The lack of established diagnostic criteria or large-scale epidemiological studies on Alice in Wonderland syndrome means that the exact prevalence of the syndrome is currently unknown. One study on 3,224 adolescents in Japan demonstrated the occurrence of macropsia and micropsia to be 6.5% in boys and 7.3% in girls, suggesting that the symptoms of AiWS may not be so rare.
It appears that the male/female ratio is dependent on the age range being observed. Studies showed that younger males (age range of 5 to 14 years) were 2.69 times more likely to experience AiWS than girls of the same age, while there were no significant differences between students of 13 to 15 years of age. Conversely, female students (16- to 18-year-olds) showed a significantly greater prevalence.
The average age of the start of Alice in Wonderland syndrome is six but it is very normal for some to experience the syndrome from childhood to their late 20s. It is also thought that this syndrome is hereditary because many parents who have AiWS report their children having it as well.

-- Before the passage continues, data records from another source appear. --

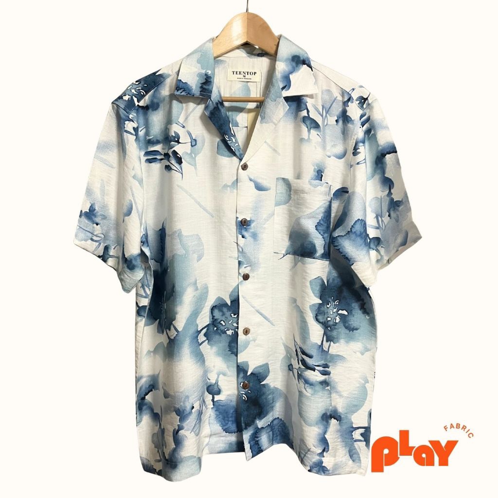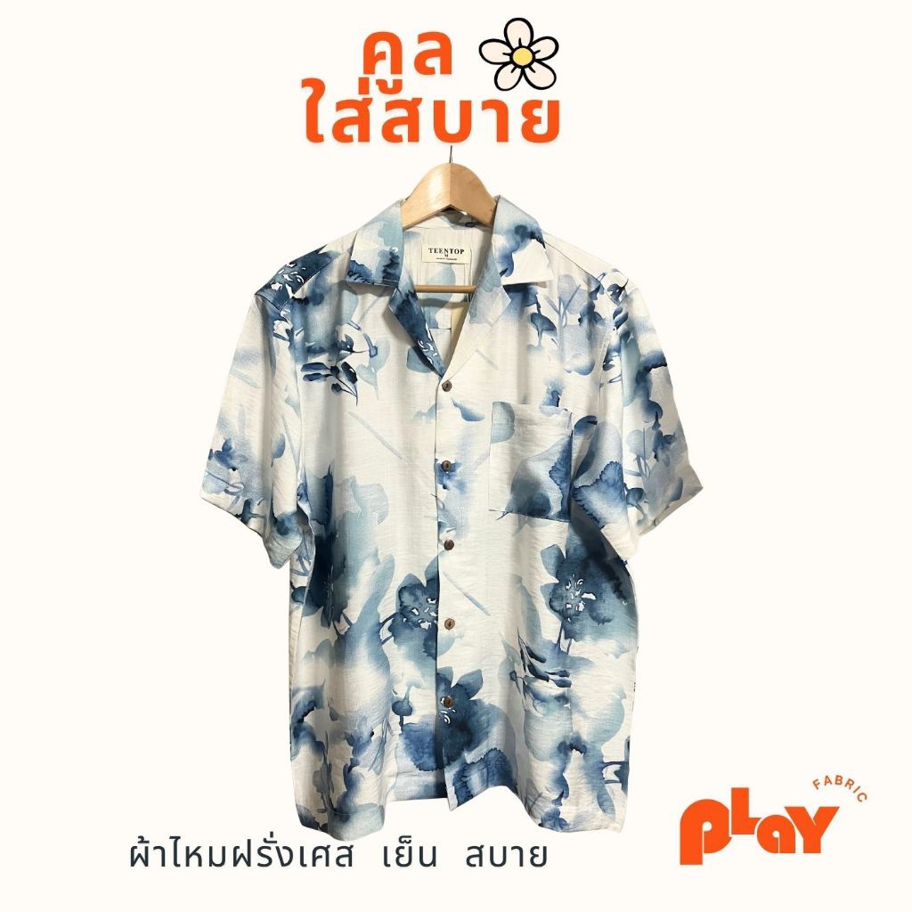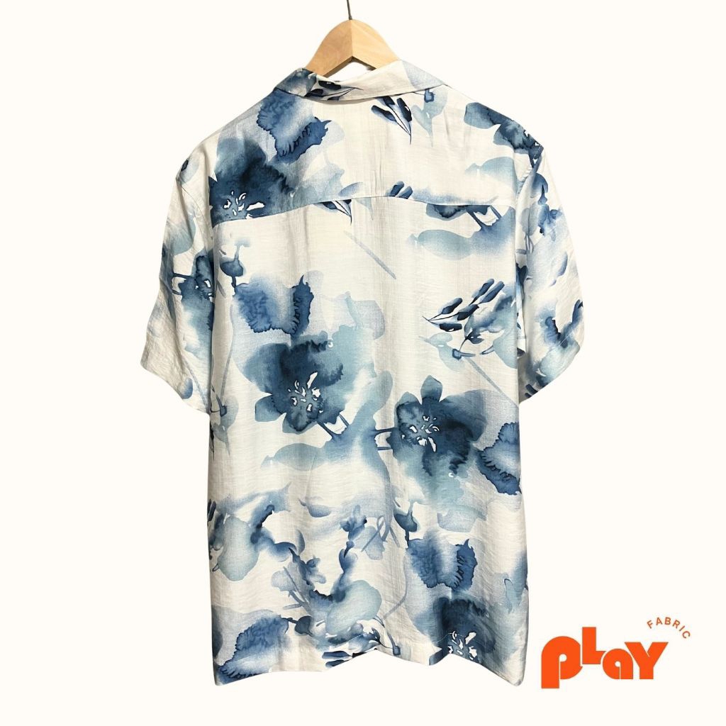เสื้อฮาวาย ผ้าไหมฝรั่งเศส ลายสีน้ำดอกไม้น้ำเงิน Splash and Flower ใส่สบาย ระบายอากาศดี
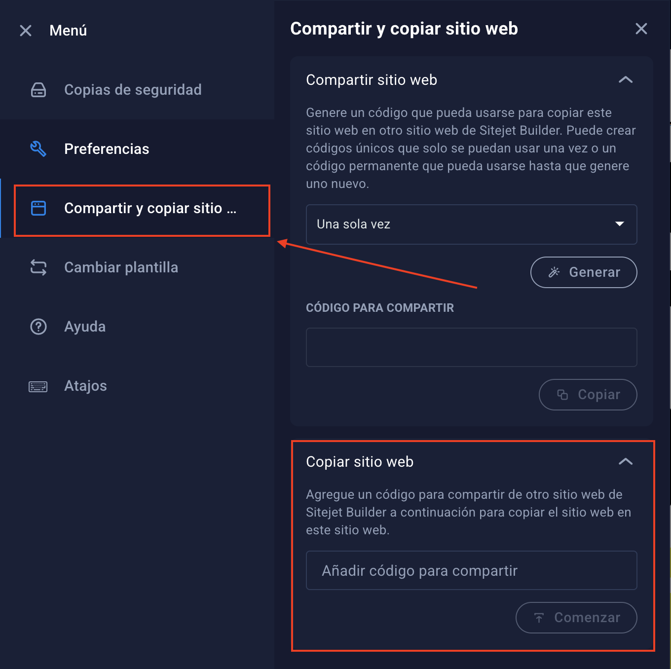 - Dentro del menú, ve a Compartir y copiar sitio.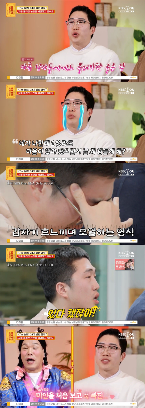 그는 "옥순이라는 괜찮은 여자가 있었는데 24기 인기녀였다. 첫날 옥순이 나한테 '쓰레기 정리하는 네 모습이 좋았다. 나랑 별 보러 가지 않겠냐'고 했다. 저는 그때부터 옥순이가 나를 좋아하나 싶었다. 그런데 첫 선택에서 한 표도 못 받아서 위축되고 눈물도 많이 흘렸다"고 설명했다.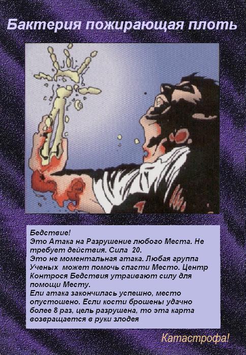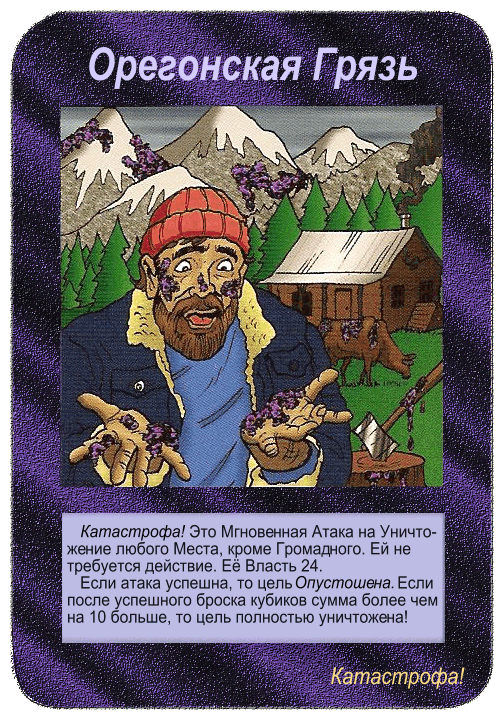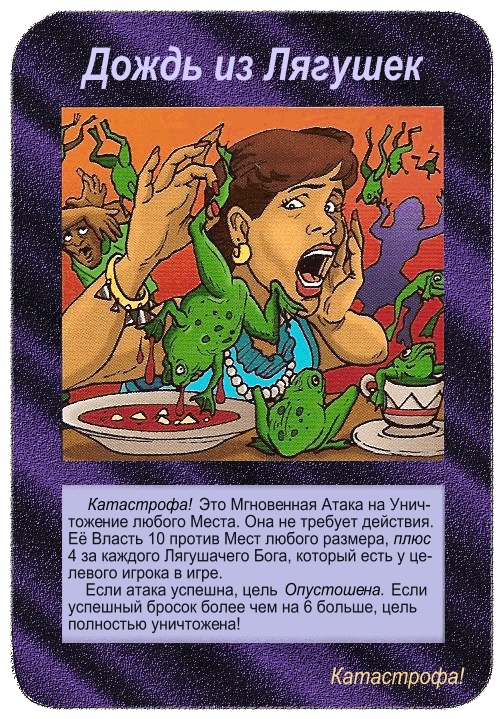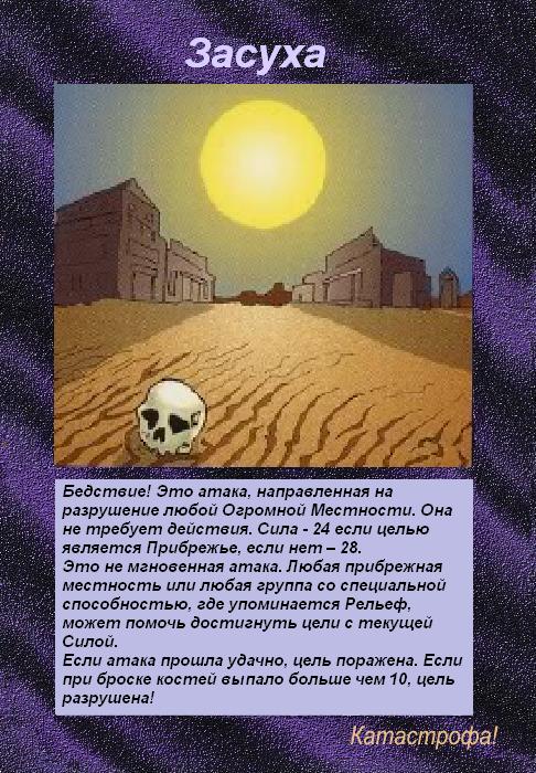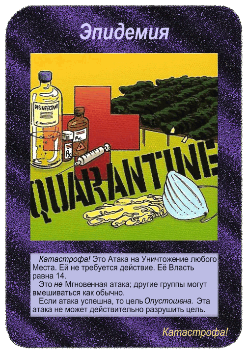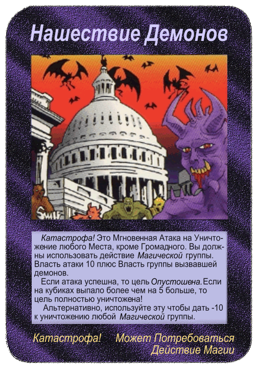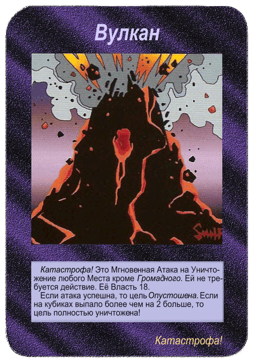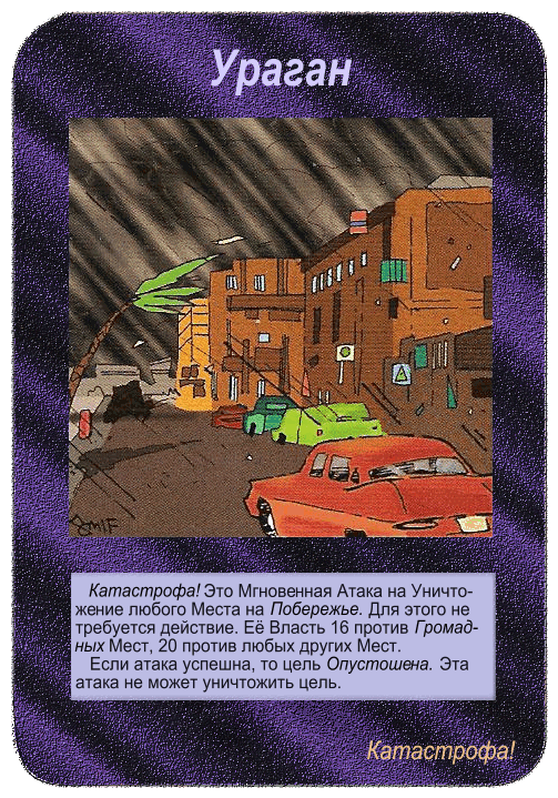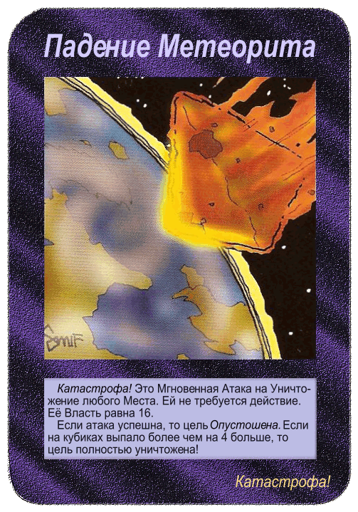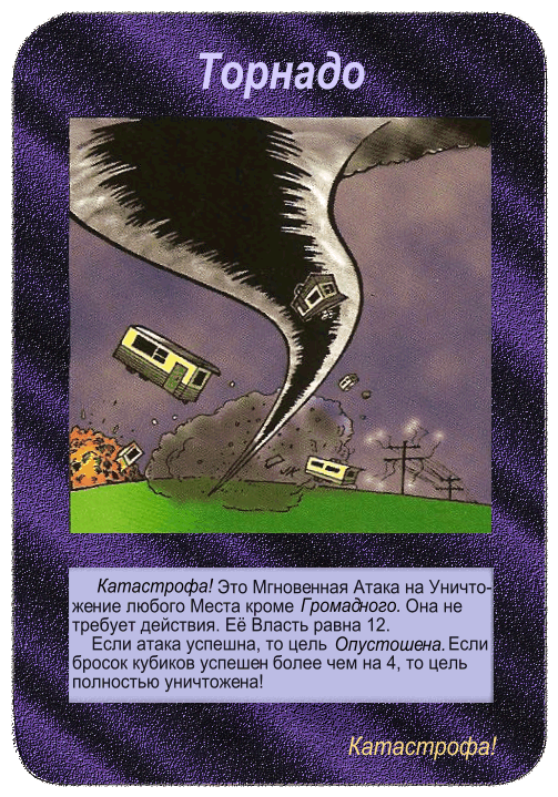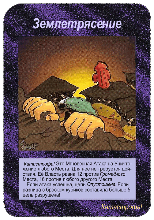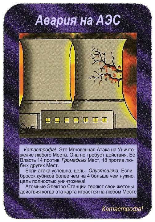 Катастрофа! Это Мгновенная Атака на Уничтожение любого Места. она не требует действия. Её Власть 14 против Громадных Мест, 18 против любых других Мест.                                                                                                                   Если атака успешна, цель-Опустошена. Если бросок кубиков более чем на 4 больше чем нужно, цель полностью уничтожена!                                                       Атомные Электро Станции теряют свои жетоны действия когда это карта играется на любом месте.

The syndrome is sometimes called Todd's syndrome, in reference to an influential description of the condition in 1955 by Dr. John Todd (1914–1987), a British consultant psychiatrist at High Royds Hospital at Menston in West Yorkshire. Todd discovered that several of his patients experienced severe headaches causing them to see and perceive objects as greatly out of proportion. They have altered sense of time and touch, as well as distorted perceptions of their own body. Although having migraine headaches, none of these patients had brain tumors, damaged eyesight, or mental illness that could have caused similar symptoms. They were also all able to think lucidly and could distinguish hallucinations from reality, however, their perceptions were skewed.
Since Lewis Carroll had been a well-known migraine sufferer with similar symptoms, Todd speculated that Carroll had used his own migraine experiences as a source of inspiration for his famous 1865 novel Alice's Adventures in Wonderland. Carroll's diary reveals that in 1856 he consulted William Bowman, an eminent ophthalmologist, about the visual manifestations of the migraines he regularly experienced. Since Carroll had these migraine symptoms for years before writing Alice’s Adventures, it seemed reasonable[to whom?] that Carroll had used his experiences as inspiration.